I didn’t really have the wherewithal or the self-advocacy skills to argue with that- and for heaven’s sake, don’t send me back home!!! We agreed to all the things, we trucked right along, I slept for 30 minutes before I thought my epidural stopped working. It was just my baby’s giant head causing quite a bit of pressure that the epidural doesn’t block, and all I could think of was, “wait, I didn’t really get my nap!”.
I pushed for an hour, uncomplicated as ever. She was born and my husband and I both lost it to tears and kisses and cuddles. I went home to a monster of breastfeeding difficulties but we made it and I love being Roslyn Jo’s mommy.
Aubrey was my second pregnancy. We tried to get pregnant on purpose this time and the novelty of planning this was kinda thrilling. We conceived right away and I started talking my husband into having a homebirth. By now I was already a doula and had been to my first homebirth.
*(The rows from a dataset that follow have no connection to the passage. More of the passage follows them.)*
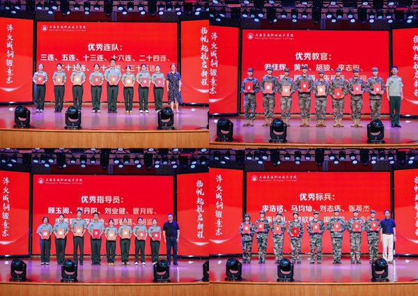 会上,现场播放的军训视频短片,引领全场重温了那段充满汗水与欢笑的成长历程。党委书记曹蓉蓉宣读了军训表彰名单,校领导共同为获奖的集体与个人颁发荣誉证书,承训部队领导杨增国为“优秀教官”荣誉获得者颁奖。
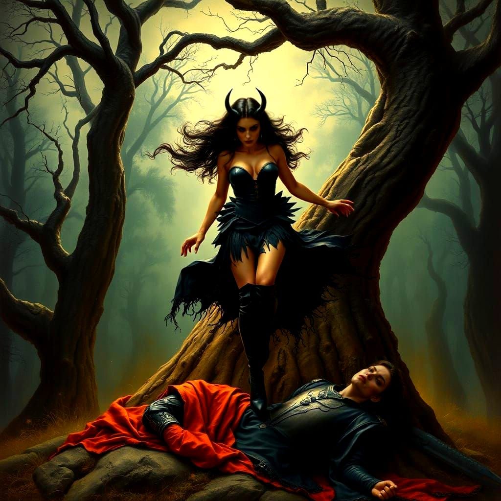 A dark and mystical image of Lilith, a beautiful goddess in black leather, gazing upon a sleeping knight with evil intent, set against the backdrop of an enchanted forest.
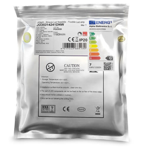 Striscia led digitale dimmerabile controllabile a singoli tratti detti pixel. Tramite il controller ALC244 è possibile realizzare effetti di animazione progressivi detti running. ** Caratteristiche Generali ** Applicazione: Per illuminazione Tempo di vita L70B50: 20000h Numero cicli di accensione: 10000 cicli Fattore di sopravvivenza: 0.9 Colore Supporto: Bianco Tipo di led: COB Lunghezza max in cascata: 5m Rischio fotobiologico: Esente ** Caratteristiche di Illuminazione ** Colore: Bianco naturale Flusso Nastro Led: 1160lm/m Flusso @ 50cm: 580lm CRI: 90 Warm-up (60%): 0.1s Fattore mantenimento flusso: 0.95 Uniformità colore (SDCM): 6 ** Caratteristiche Elettriche ** Classe energetica: G Potenza Nastro Led: 14W/m Potenza 50cm: 7W Potenza unità minima:1.4W Tens. funzionamento DC: 24Vdc Dimmerabile: si Alimentatore: Esterno (non incluso) ** Caratteristiche Sorgente Luminosa ** Temp. Colore: 4000K ** Caratteristiche Meccaniche ** Lunghezza nastro: 5m Lunghezza taglio minima: 100mm Larghezza: 13mm Altezza: 2mm Fissaggio: Biadesivo 3M Grado di protezione: IP20 Tipo di protezione: Nessuno Connessioni: Cavo libero ** Caratteristiche Termiche ** Temp. di funzionamento: -10 / 40°C
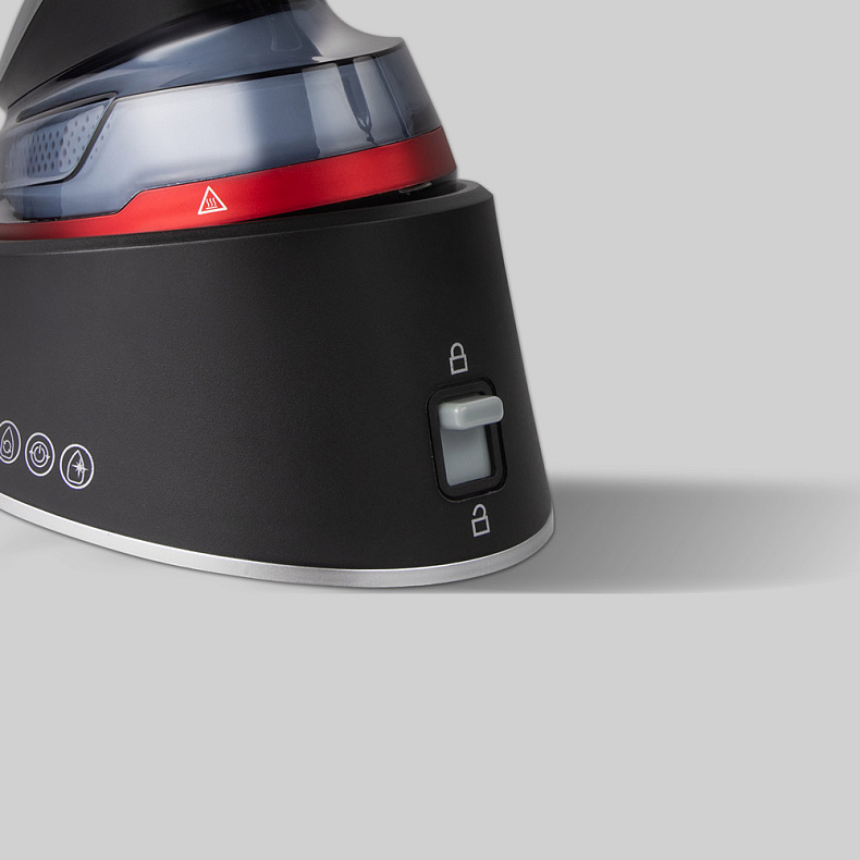 Отпариватель не упадет на пол или вам на ноги: в комплекте есть подставка с фиксатором. Поэтому хранить и использовать SH1636 безопасно. Подошва плотно прилегает к платформе, случайное опрокидывание исключено.

I knew having this baby at home was the best way to have a more empowered experience but we were still figuring out how to make it work financially. I was seeing a great OB in the meantime, one that I had done lots of respectful doula births with already and I was feeling okay about it as a last resort. I was 10 minutes away from the hospital and I figured if I labor at home until the very end, I could show up just to have a baby and not get messed with.
At my 20 week anatomical ultrasound, it was found that my placenta was implanted right next to the edge my cervix. It’s called marginal placenta previa and usually presents with prenatal vaginal spotting, but I had none. 90% of these cases resolve on their own and I was assured when we checked it again in a couple months the placenta would have migrated up towards the top with the expanding growth of the uterus.
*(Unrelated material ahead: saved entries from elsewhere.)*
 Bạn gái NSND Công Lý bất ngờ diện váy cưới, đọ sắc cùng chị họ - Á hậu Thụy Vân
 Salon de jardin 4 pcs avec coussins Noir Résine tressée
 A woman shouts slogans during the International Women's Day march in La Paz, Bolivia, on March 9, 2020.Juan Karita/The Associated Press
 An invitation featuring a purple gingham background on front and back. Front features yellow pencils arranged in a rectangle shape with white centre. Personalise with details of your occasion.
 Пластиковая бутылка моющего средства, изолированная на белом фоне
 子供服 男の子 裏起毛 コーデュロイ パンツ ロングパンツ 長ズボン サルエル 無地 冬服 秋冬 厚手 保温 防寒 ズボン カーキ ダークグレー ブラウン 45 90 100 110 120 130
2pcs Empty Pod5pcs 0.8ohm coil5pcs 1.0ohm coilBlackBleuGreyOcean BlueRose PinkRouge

You can probably guess where this story is going. The placenta didn’t move. It was too close for a safe vaginal birth and I scheduled a planned cesarean at 37.5 weeks. This was devastating to say the least. I realize in hindsight I didn’t really process the whole thing at the time. I was simply set in survival mode, trying to make the best out of the situation. I speculate this suppression, or just lack of resources to process it well, caused me to grieve for years. I wish someone would have told me it was okay to hate that it happened. That it didn’t make me a pessimistic mom or a grumpy lady, or diminish my acceptance of a necessary and potentially life saving intervention. Birth can be good and awful sometimes. You can have both things in birth, in any setting.
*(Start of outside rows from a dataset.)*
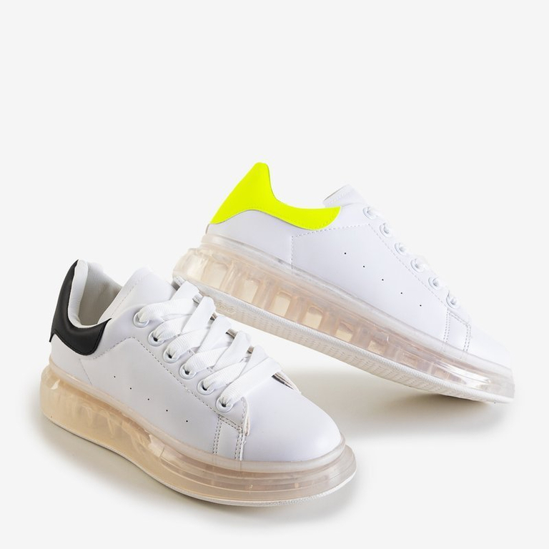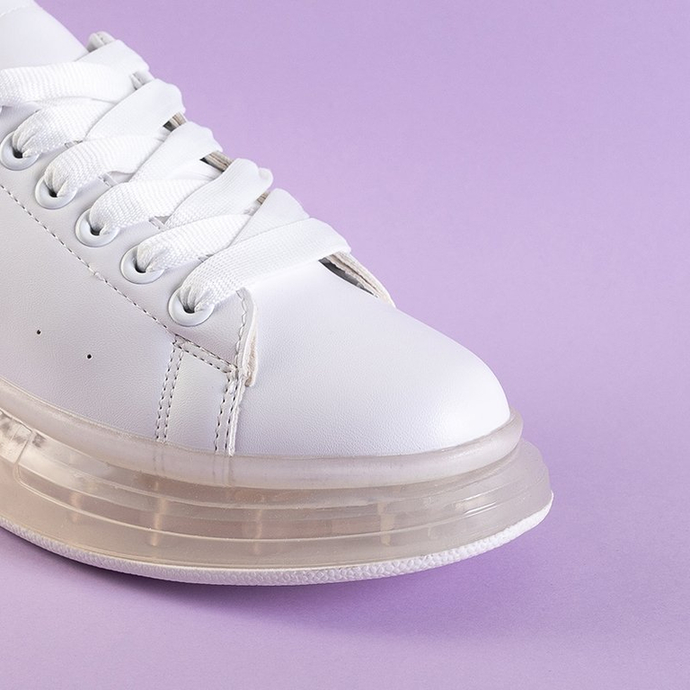- Încălțăminte sport din piele ecologică în alb. Model cu partea superioară dantelată și o inserție colorată pe călcâi. Talpa transparentă din material cauciuc conferă unicitate. Accesoriul perfect pentru o ținută sportivă.
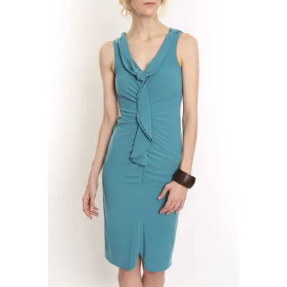 Two sash, convertible neckline with front ruffle detail. Unhemmed, visisble seams. Hidden side zipper. Unlined. Wool/elastane. Hand wash.
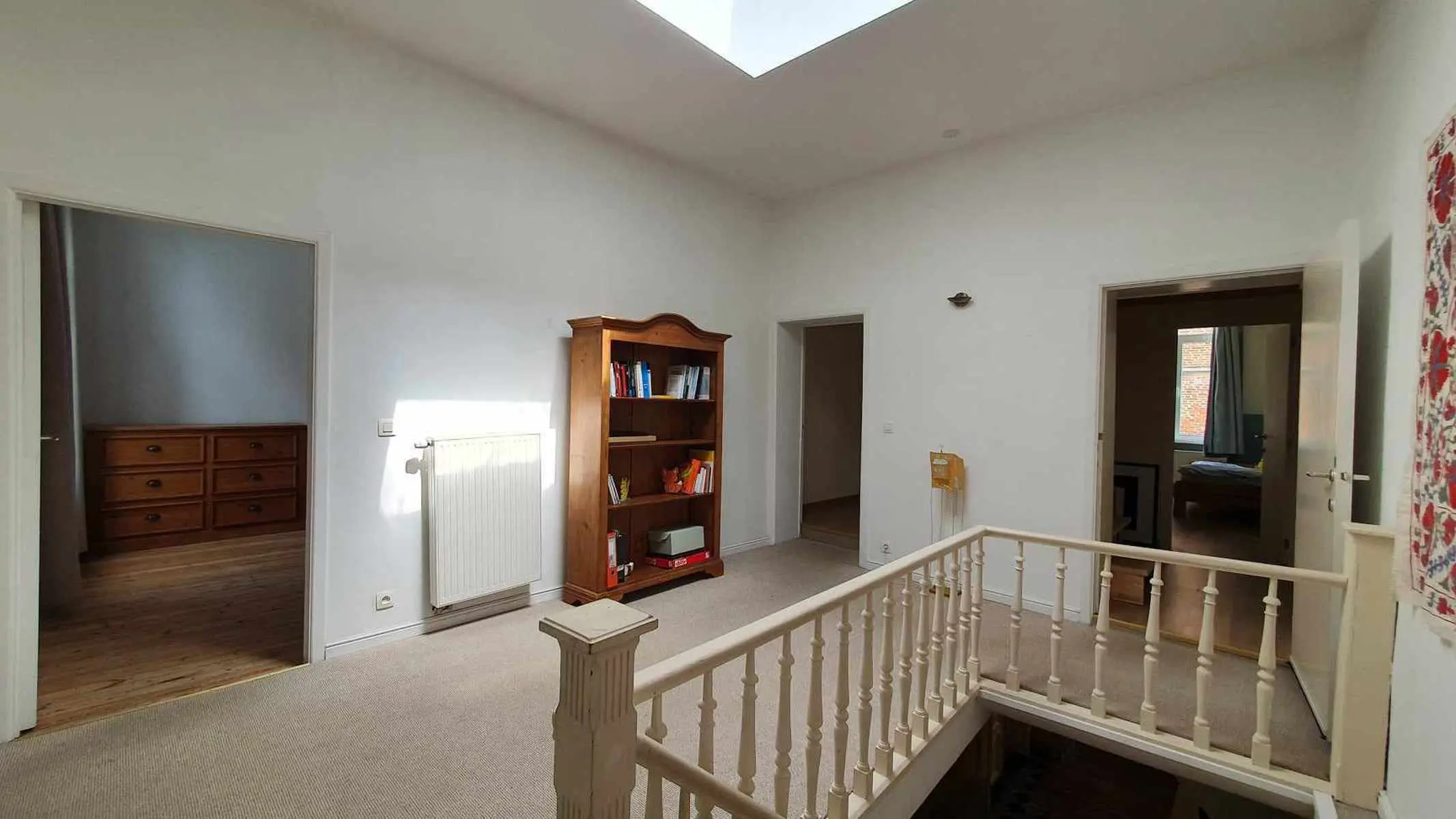 Au premier étage : lumineux hall de nuit avec wc séparé, 3 chambres (24, 22.5 et 11 m2) dont une avec dressing attenant, salle de bains avec douche, grenier

The humbling in my heart that these births have done have pointed me to where my true hope and identity lie. We are not our births, even when they are great. We are fully loved and cherished by the Creator who makes all things new, and has a good plan and good gifts even when it’s not what we wanted for ourselves.
All lessons are hard. Mine wasn’t harder than the lessons someone has to learn by having a baby at home. We all have to go barreling through this transition and it’s not always pretty. So now I tell people, “I did not have my babies at home. I had one in a hospital before I understood what homebirth really was. I had my other baby in hospital because it was medically necessary, sometimes that happens. Home is where I would have a baby now and I am so glad it’s a real-life option for you.”
Beautiful. I appreciate the acknowledgment of best laid plans don’t always work out.